John Geddes

Frye saw Antony and Cleopatra's air 'thick with information'

Making it Shakespeare's perfect play for the 21st century

Professor Northrop Frye. (Boris Spremo/Getty Images)

Professor Northrop Frye. (Boris Spremo/Getty Images)

One morning about three decades ago, as I slid into my usual seat in a big University of Toronto lecture hall, just one of about 300 undergrads packing Northrop Frye’s famous second-year Shakespeare course, I noticed that an unfamiliar, slightly superior-looking group had taken over the back row.

I asked around and found out they were Ph.D. and M.A. students who had caught wind of Frye’s intention to try out some new ideas that day about Antony and Cleopatra. After the great critic took his customary sip of water and began talking, I glanced back and the interlopers were furrowing their brows and scribbling a lot of notes.

It made the lecture even more exciting than usual. Of course, I didn’t know nearly enough to pick out any new Frye material. I’m pretty sure I leaned forward, though, when he began making his case for Antony and Cleopatra as the Shakespeare play most likely to feel essential in the 21st century, the way Hamlet had seemed most central in the 19th and King Lear most urgent in the 20th.

Fortunately, I don’t have to rely on memory alone to know what he said that day; his lectures from that early 1980s period were taped, transcribed, edited, and published as Northrop Frye on Shakespeare in 1986five years before he died. I reread that priceless record as we approach, this April 23, the 400th anniversary of Shakespeare’s death.

Back in the early 1980s, Frye saw an era dawning that reminded him of Antony and Cleopatra. In the play, the Roman Empire sprawls into the Middle East; it’s nothing like the contained atmosphere audiences sense in Shakespeare’s English history plays. “We’re not in a closely knit kingdom anymore,” Frye said. “There’s only one world, so there’s no patriotism, only more or less loyalty to competing leaders.”

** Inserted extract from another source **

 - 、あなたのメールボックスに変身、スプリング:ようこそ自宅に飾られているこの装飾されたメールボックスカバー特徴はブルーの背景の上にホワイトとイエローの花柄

The shared currency of this boundless world is what we might now call data or content. “There are any number of messengers in the play, and the air is thick with information and news,” Frye observed, “but nothing seems to be getting communicated, although when something does happen it affects the whole world at once.”

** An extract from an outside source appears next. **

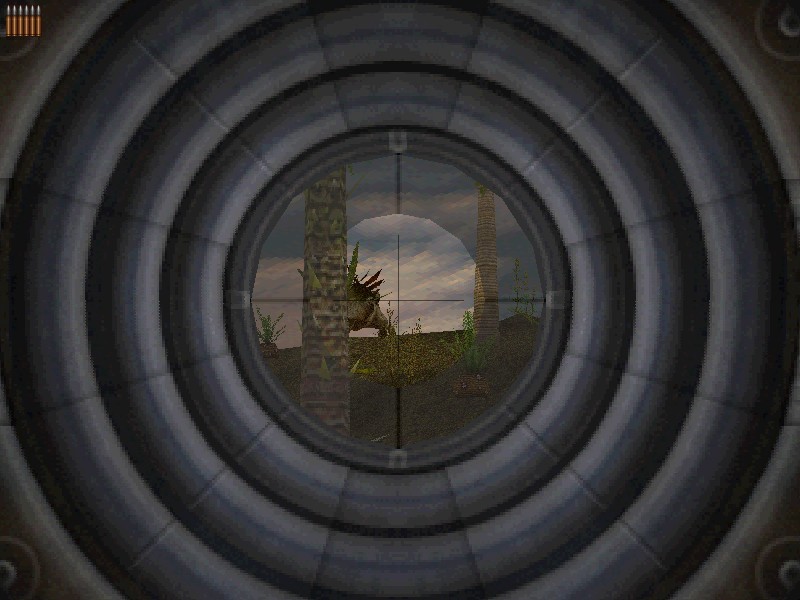 …потому что больше ни одна другая нация не способна развлекаться столь унылым способом. Мне почему-то кажется, что жители США искренне считают бейсбол отличной динамичной игрой, однако, на мой вкус, что он, что Carnivores – понятия одинаковой степени скучности. Итак, товарищ Охотник-на-Динозавров, первое, к чему вы должны привыкнуть, – полное отсутствие любых других форм жизни. Действие происходит на шести охотничьих угодьях, которые представляют собой острова в огромном океане. Надо сказать, что местность населена весьма плотно: в воздухе летают птеродактили, травоядные рапторы щиплют травку, а тираннозавры щиплют травоядных рапторов. В воздухе пахнет охотой и слышится пение птиц. Только вот птиц в игре нет. Нет в ней и рыб. Кроликов. Оленей. Я не говорю, что рядом с тираннозавром должен обитать медведь. Просто очень странно, что кроме десятка динозавров на планете никого и нет. Да, вы не знали? Мы убиваем не абы кого, а «цели миссии». Заранее выбрав свою жертву (и изучив ее слабые места), мы в дальнейшем будем получать очки только за убийство вышеозначенного вида животных. Очки нам нужны для того, чтобы со временем превратиться из новичка в продвинутого охотника, а еще через некоторое время (читай: через пару часов реального времени) - настоящим богом охоты. Что автоматически позволит нам пободаться с сами T-Rex’ом…

Sound familiar? Remember, he made this observation about the play—and, by inference, about our times—long before advent of the Internet and our adoption of “globalization” as the catch-all label for anything important going on anywhere.

The 400th anniversary of Shakespeare’s death is prompting tributes and celebrations, books and performances. They are all expressions of astonishment at the almost unbelievable output of a single poet and playwright. But, thinking back on Frye’s Antony and Cleopatra lecture, I’m struck less by Shakespeare’s own achievement than by the insights his plays reliably spark in others.

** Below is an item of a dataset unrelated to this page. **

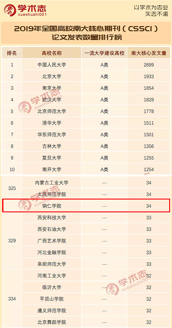 日前,学术志联合中国科学文献计量评价研究中心发布了2019年全国高校南大核心期刊(CSSCI)论文发表数量排行榜。beat365官网2019年C刊论文发表数量为34篇,排在全省地方高校第1位、全省高校第5位、全国高校第325位。

Of course, all top-flight imaginative literature makes us think. But the best writing often pulls us deep into an author’s particular universe. It’s often hard to detach the invention from the writer’s era and real-life experiences. Sometimes the art carries the burden of dogma. You need to give yourself over to all those elements to get the full experience.

Shakespeare isn’t like that. He offers up worlds ranging from giddily fanciful to grittily realistic. His plays have proven endlessly adaptable to interpretations that reflect the preoccupations of any time or place. They are the opposite of ideological. In other words, they give themselves over to you, rather than the other way around.

Mull over a Shakespeare play and you’re soon thinking differently about whatever is really on your mind. If you’re a genius like Frye, your thoughts might illuminate the next century. In Antony and Cleopatra, he didn’t just see a world full of messages. He also suspected that in an information age, no utterance would be truly private. So Cleopatra “never soliloquizes; she talks to herself occasionally, but someone else is always listening and she always knows it.” Again, it sounds unsettlingly familiar.

I wonder if this was the sort of stuff those grad students in the back row found most interesting about Frye’s lecture that day. They must have caught nuances and details the rest of us missed—serious study pays off that way. Still, Frye was expounding on Shakespeare, and for four centuries now, Shakespeare has refused to pass from being our common property to become the private reserve of scholars.

I don’t remember what we undergrads were talking about as we left the hall. I’d like to think we were buzzing, if not about Antony and Cleopatra, then about Frye’s speculations on the new century then bearing down on us. Or maybe it was both, since with Shakespeare, it’s hard to be sure when talking about the play ends and talking about the world begins.